Requirement | Skip all pictures, then copy the lines from the start of the data through the line with "The network is", keeping both ends.

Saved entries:

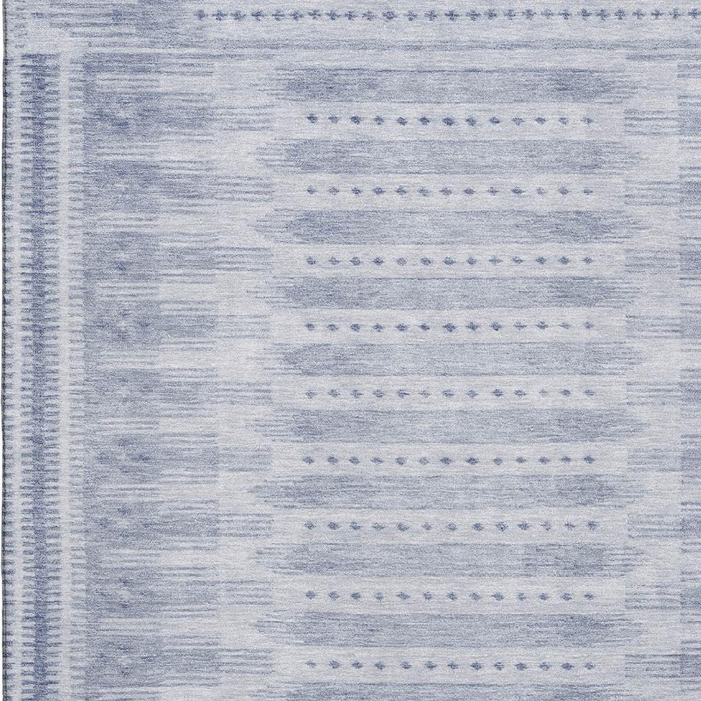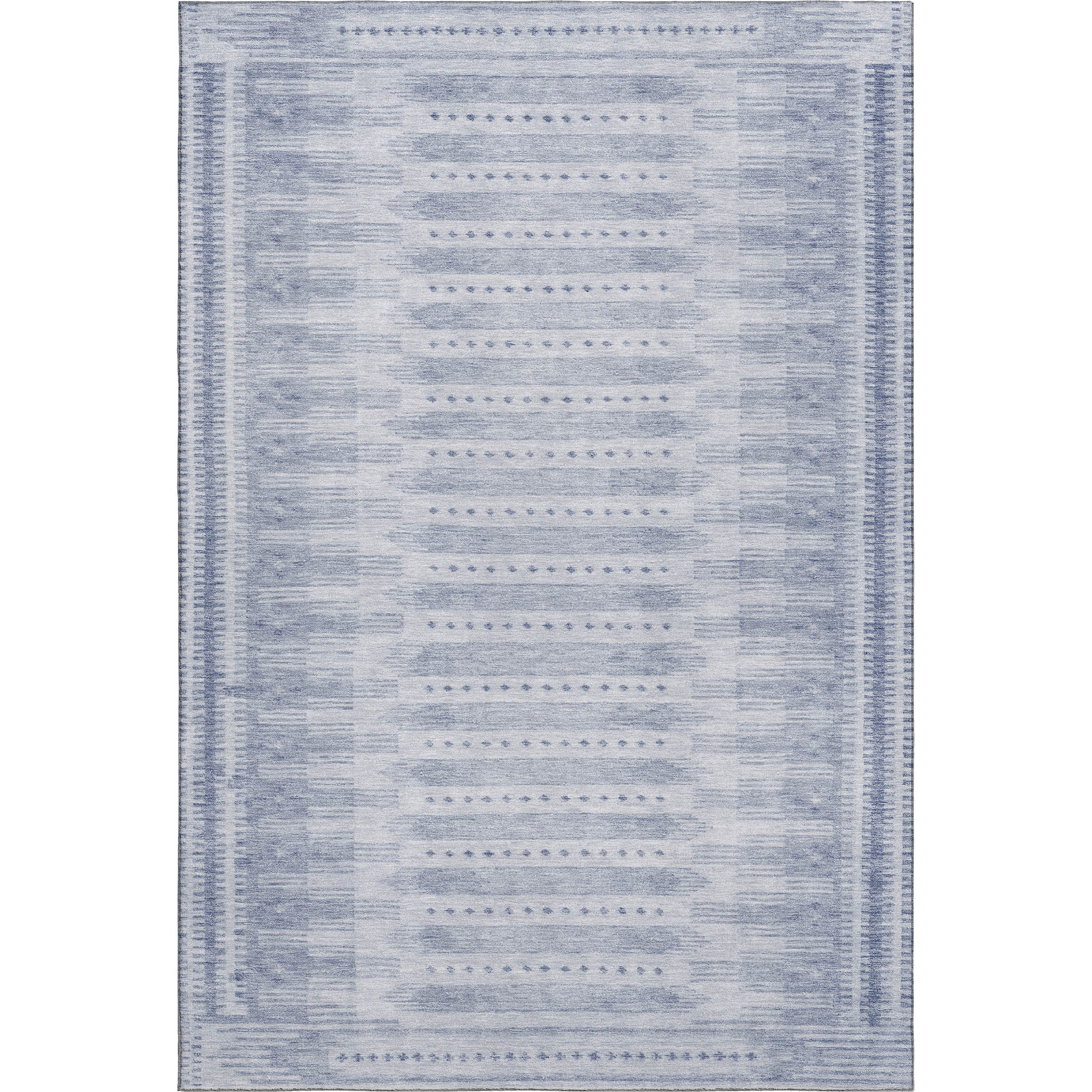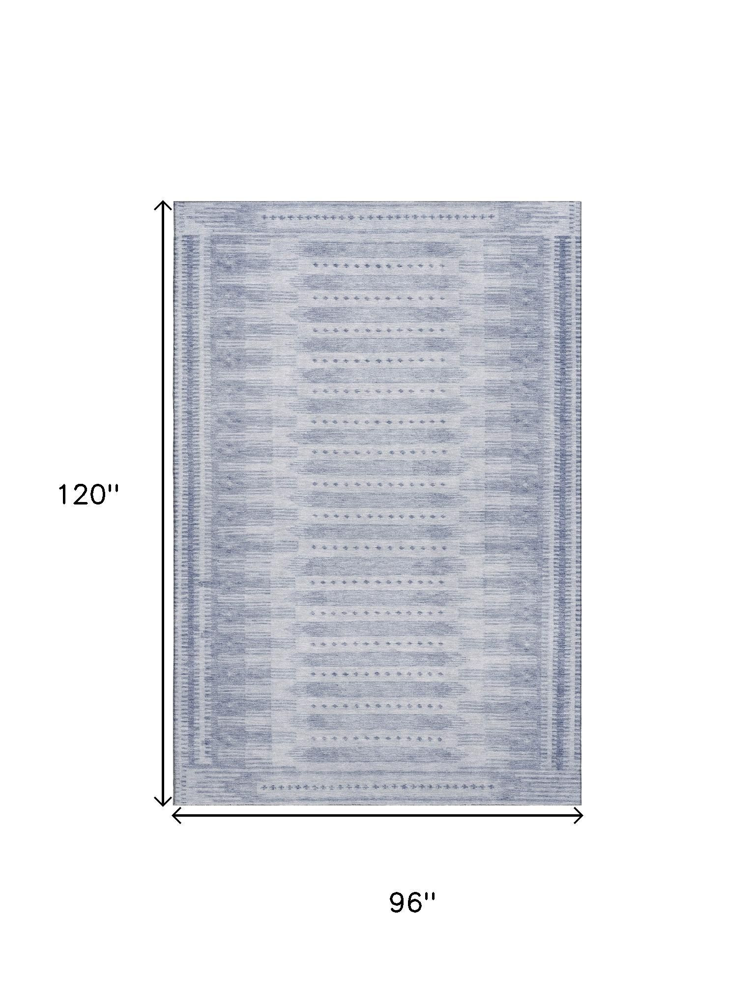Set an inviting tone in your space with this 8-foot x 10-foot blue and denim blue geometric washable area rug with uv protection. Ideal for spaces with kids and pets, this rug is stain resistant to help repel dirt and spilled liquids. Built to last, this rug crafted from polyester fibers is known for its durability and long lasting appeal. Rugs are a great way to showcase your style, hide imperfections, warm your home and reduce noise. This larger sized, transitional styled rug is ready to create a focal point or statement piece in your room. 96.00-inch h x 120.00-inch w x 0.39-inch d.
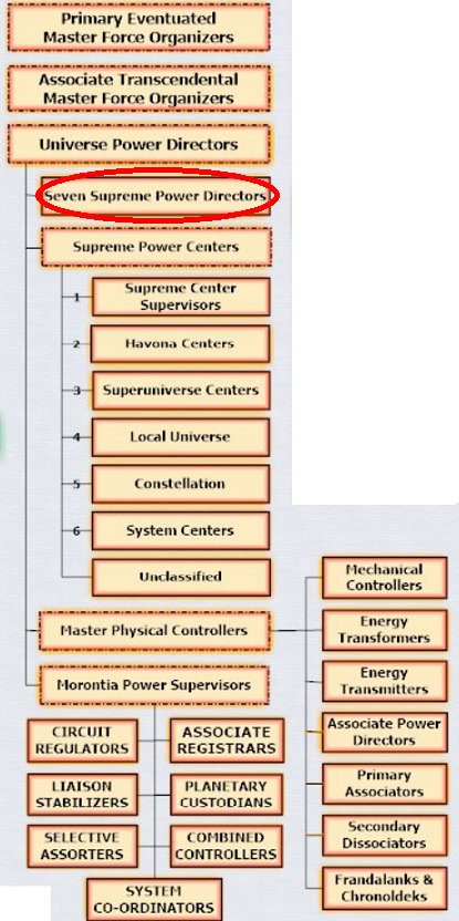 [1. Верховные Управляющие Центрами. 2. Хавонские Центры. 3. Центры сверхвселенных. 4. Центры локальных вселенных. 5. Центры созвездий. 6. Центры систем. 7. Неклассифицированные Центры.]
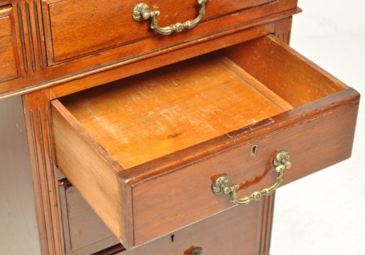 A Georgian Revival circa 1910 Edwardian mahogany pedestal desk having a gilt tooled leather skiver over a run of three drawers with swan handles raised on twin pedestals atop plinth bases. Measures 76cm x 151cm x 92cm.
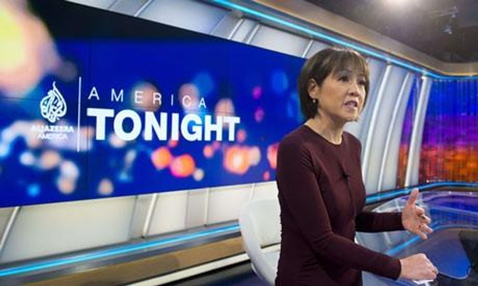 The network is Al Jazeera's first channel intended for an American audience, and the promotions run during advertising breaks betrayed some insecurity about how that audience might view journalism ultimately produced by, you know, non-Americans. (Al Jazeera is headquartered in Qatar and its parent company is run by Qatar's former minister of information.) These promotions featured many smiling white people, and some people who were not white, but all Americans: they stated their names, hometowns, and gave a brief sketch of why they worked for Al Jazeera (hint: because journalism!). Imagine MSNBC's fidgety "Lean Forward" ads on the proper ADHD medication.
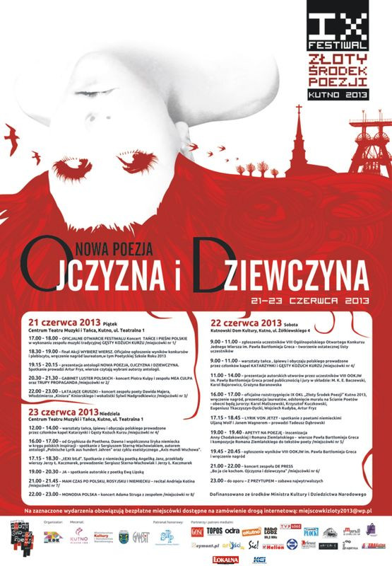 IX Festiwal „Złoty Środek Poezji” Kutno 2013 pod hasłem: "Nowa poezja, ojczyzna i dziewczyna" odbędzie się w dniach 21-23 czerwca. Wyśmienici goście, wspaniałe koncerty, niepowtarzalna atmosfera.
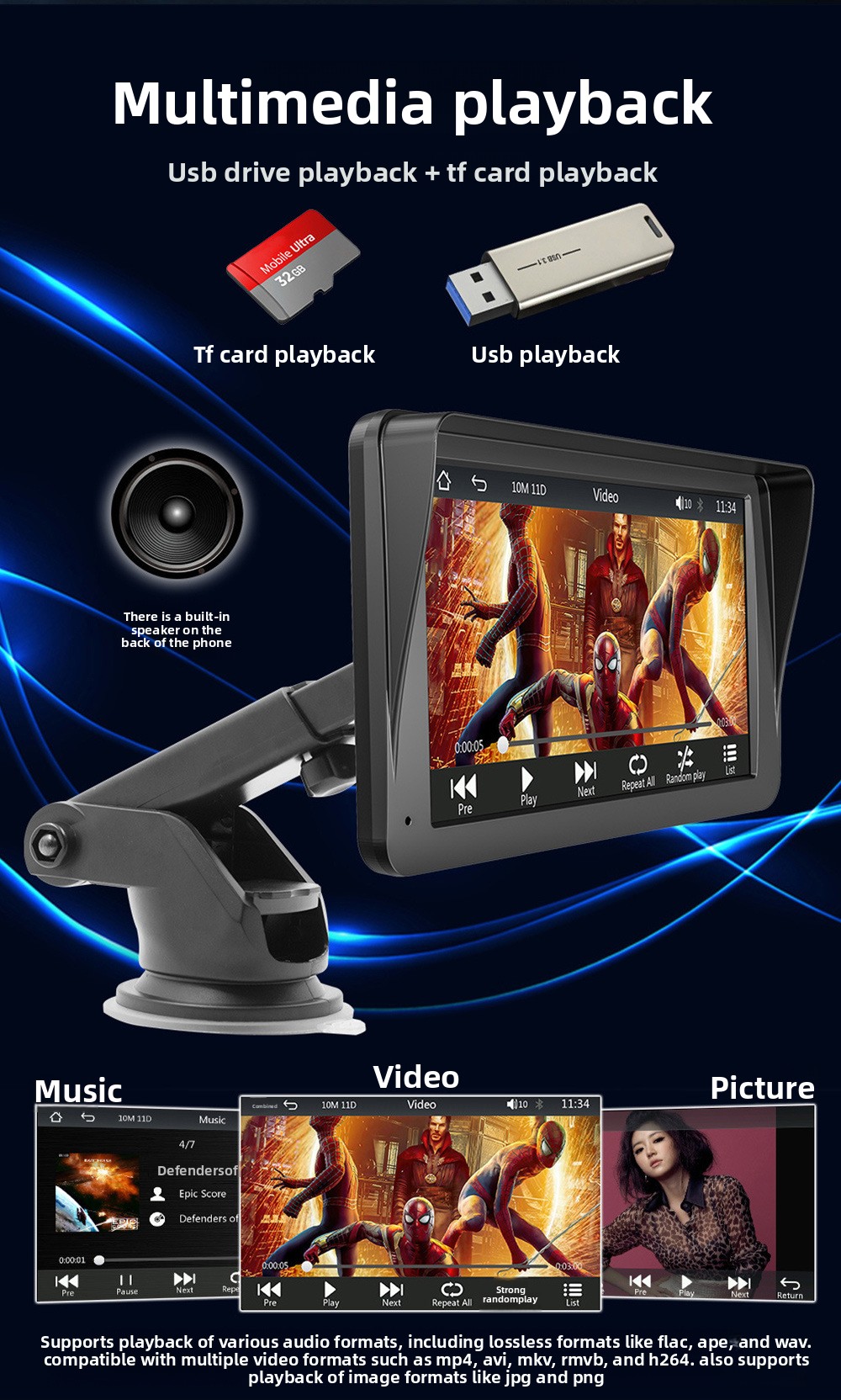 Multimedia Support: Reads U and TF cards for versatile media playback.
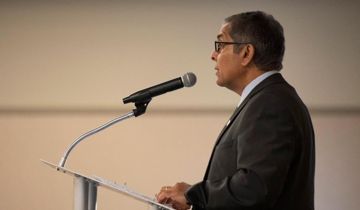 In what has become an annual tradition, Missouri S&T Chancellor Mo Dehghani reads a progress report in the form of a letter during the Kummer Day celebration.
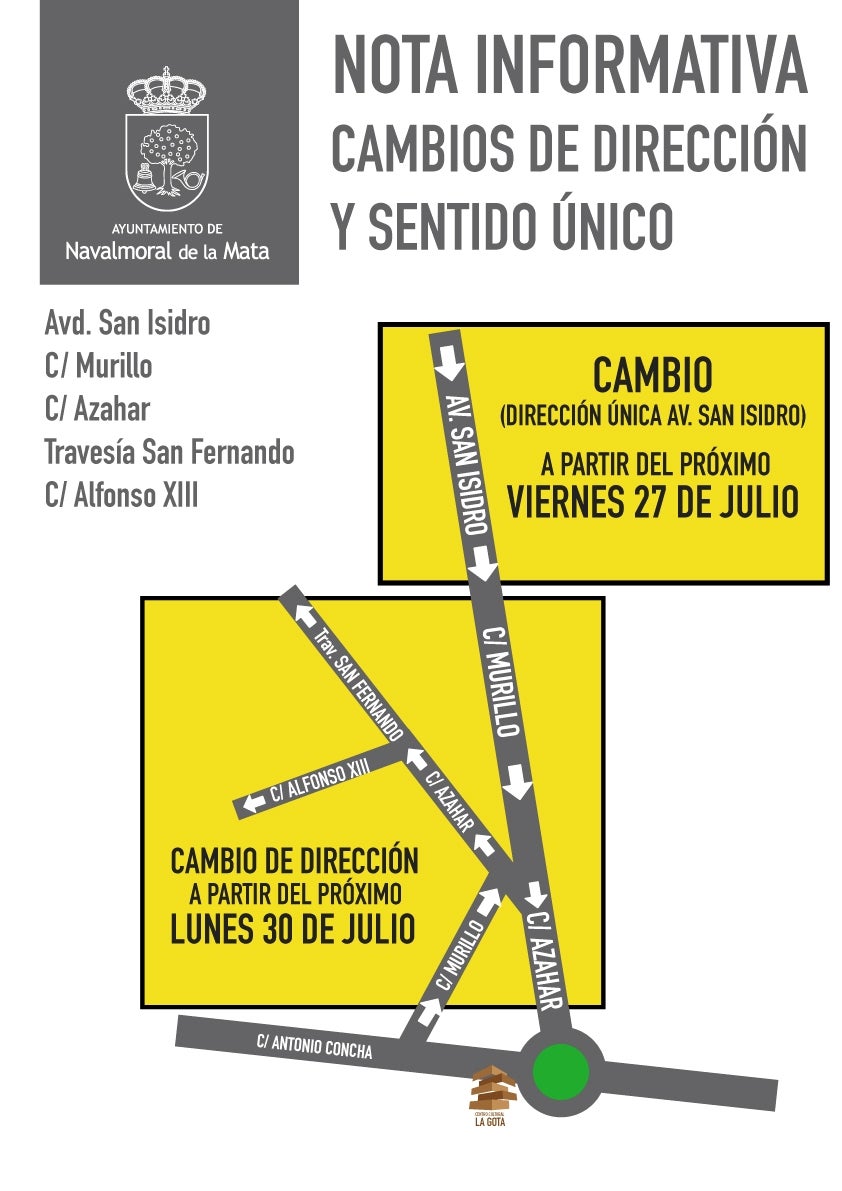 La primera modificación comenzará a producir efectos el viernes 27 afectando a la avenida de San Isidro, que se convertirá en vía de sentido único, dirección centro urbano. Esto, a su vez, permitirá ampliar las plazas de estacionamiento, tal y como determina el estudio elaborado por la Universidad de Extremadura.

Response to the task |
Set an inviting tone in your space with this 8-foot x 10-foot blue and denim blue geometric washable area rug with uv protection. Ideal for spaces with kids and pets, this rug is stain resistant to help repel dirt and spilled liquids. Built to last, this rug crafted from polyester fibers is known for its durability and long lasting appeal. Rugs are a great way to showcase your style, hide imperfections, warm your home and reduce noise. This larger sized, transitional styled rug is ready to create a focal point or statement piece in your room. 96.00-inch h x 120.00-inch w x 0.39-inch d.
 [1. Верховные Управляющие Центрами. 2. Хавонские Центры. 3. Центры сверхвселенных. 4. Центры локальных вселенных. 5. Центры созвездий. 6. Центры систем. 7. Неклассифицированные Центры.]
 A Georgian Revival circa 1910 Edwardian mahogany pedestal desk having a gilt tooled leather skiver over a run of three drawers with swan handles raised on twin pedestals atop plinth bases. Measures 76cm x 151cm x 92cm.
 The network is Al Jazeera's first channel intended for an American audience, and the promotions run during advertising breaks betrayed some insecurity about how that audience might view journalism ultimately produced by, you know, non-Americans. (Al Jazeera is headquartered in Qatar and its parent company is run by Qatar's former minister of information.) These promotions featured many smiling white people, and some people who were not white, but all Americans: they stated their names, hometowns, and gave a brief sketch of why they worked for Al Jazeera (hint: because journalism!). Imagine MSNBC's fidgety "Lean Forward" ads on the proper ADHD medication.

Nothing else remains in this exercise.